This program solves a version of the subset-sum problem: given a set of non-negative integers \$S=\{a_1,a_2,\cdots,a_n\}\$ (they may not be distinct) and a non-negative integer \$s\$, decide whether there exists a subset of \$S\$ (let's call it \$T\$) such that \$\sum\limits_{b\in T}b=s\$.

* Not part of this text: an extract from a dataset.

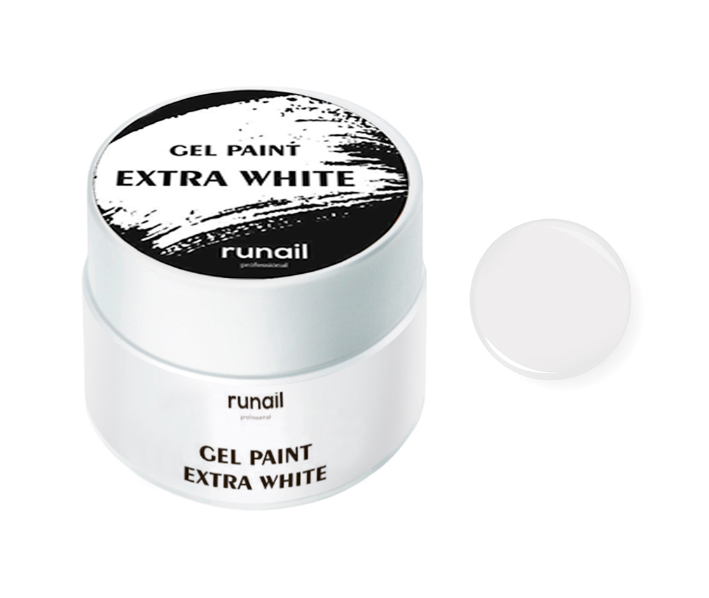 RuNail Гель-краска EXTRA WHITE без липкого слоя – это высокопигментированная белая гель-краска без липкого слоя.

Let the sum of all elements in \$S\$ be \$t\$ (\$t=\sum\limits_{j=1}^n a_j\$). Consider the polynomial $$f(x)=\prod\limits_{j=1}^{n}\left(1+x^{a_j}\right)$$ which can be expanded to the form $$f(x)=c_0+c_1x^1+c_2x^2+\cdots+c_tx^t\quad\left(t=\sum\limits_{i=1}^n a_i\right)$$ It is easy to see that the problem is equivalent to deciding whether \$c_s=0\$. Let \$m=\max\{s,t-s\}+1\$ and \$\zeta=e^{2\pi i/m}\$, then we have $$\sum\limits_{k=0}^{m-1}{\left(\zeta^p\right)}^k=\begin{cases} 0,&\text{if }m\text{ divides }k\\ m,&\text{if }m\text{ does not divide }k \end{cases}$$ where \$p\in\mathbb{Z}\$. Therefore we can isolate the coefficient \$c_s\$ in \$f(x)\$. Consider $$g(x)=x^{-s}f(x)=c_0x^{-s}+c_1x^{1-s}+\cdots+c_s+\cdots+c_tx^{t-s}$$We have $$\sum\limits_{k=0}^{m-1}g\left(\zeta^k\right)=\sum\limits_{j=0}^{t}c_j\sum\limits_{k=0}^{m-1}{\left(\zeta^k\right)}^{j-s}=mc_s$$ Therefore $$c_s=\sum\limits_{k=0}^{m-1}\zeta^{-ks}f\left(\zeta^k\right)$$ So we only need to compute \$c_s\$ and see if \$|c_s|>\frac{1}{2}\$ (we do not directly compare \$c_s\$ to zero since there are rounding errors during floating-point computation). When we compute \$f\left(\zeta^k\right)\$, we do not directly pass \$\zeta^k\$ as the argument; instead, we pass its argument \$2\pi ik/m\$, and then we can compute \${\left(\zeta^k\right)}^{a_j}\$ with the Euler formula $$e^{2\pi ia_j k/m}=\cos(2\pi a_j k/m)+i\sin(2\pi a_j k/m)$$ without directly computing the exponent of a complex number.

Here is the Python code:

import math
from typing import *

class SubsetSumSolver:
    def __init__(self, data: List[int], desired_sum: int):
        self.data = data # a
        self.desired_sum = desired_sum # s
        self.len_data = len(data) # n
        self.sum_data = sum(data) # t
    def evaluate_polynomial(self, theta: float) -> complex:
        result = 1.
        for element in self.data: # element: a_j
            arg = element * theta
            result *= 1 + math.cos(arg) + 1j * math.sin(arg)
        return result
    def solve(self) -> bool:
        if self.desired_sum > self.sum_data:
            return False
        if self.desired_sum == self.sum_data:
            return True
        if self.desired_sum == 0:
            return True
        order = max(self.desired_sum,
            self.sum_data - self.desired_sum) + 1 # m
        result = 0.
        double_pi = 2 * math.pi
        for k in range(order):
            theta = double_pi * k / order
            f_result = self.evaluate_polynomial(theta)
            theta_s = -double_pi * k * self.desired_sum / order
            term_s = math.cos(theta_s) + 1j * math.sin(theta_s)
            result += term_s * f_result
        result /= order
        return abs(result) > 0.5

a = [2, 3, 5, 6, 8, 13, 27, 36]
s = 67 # test data
solver = SubsetSumSolver(a, s)
print(solver.solve()) # True

I have a question here: If \$n\$ is very large, will it be possible that this code doesn't work because of huge rounding errors?